Using the data below, print exactly the line with "- آخرین نتیجه", the line with "dụng Zalo. |", and every line between them, but none of the pictures.

• **Given records**:
::::::::

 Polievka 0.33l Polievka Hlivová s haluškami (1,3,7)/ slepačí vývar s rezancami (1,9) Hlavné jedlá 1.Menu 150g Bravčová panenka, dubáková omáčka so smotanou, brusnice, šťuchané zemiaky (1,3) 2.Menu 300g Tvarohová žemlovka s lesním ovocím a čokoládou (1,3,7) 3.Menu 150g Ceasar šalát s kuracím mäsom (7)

::::::::

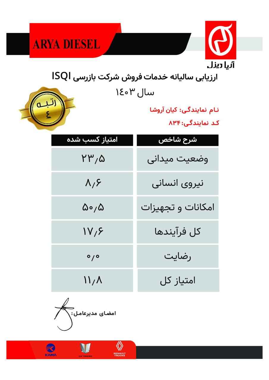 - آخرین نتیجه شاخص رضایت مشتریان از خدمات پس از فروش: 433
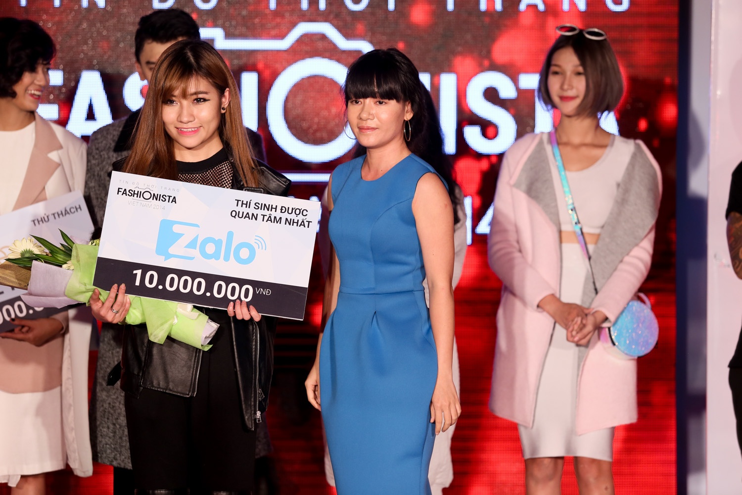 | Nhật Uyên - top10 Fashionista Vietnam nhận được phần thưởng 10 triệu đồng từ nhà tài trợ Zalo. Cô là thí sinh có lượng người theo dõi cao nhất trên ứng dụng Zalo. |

::::::::

• **Answer box**:
 - آخرین نتیجه شاخص رضایت مشتریان از خدمات پس از فروش: 433
 | Nhật Uyên - top10 Fashionista Vietnam nhận được phần thưởng 10 triệu đồng từ nhà tài trợ Zalo. Cô là thí sinh có lượng người theo dõi cao nhất trên ứng dụng Zalo. |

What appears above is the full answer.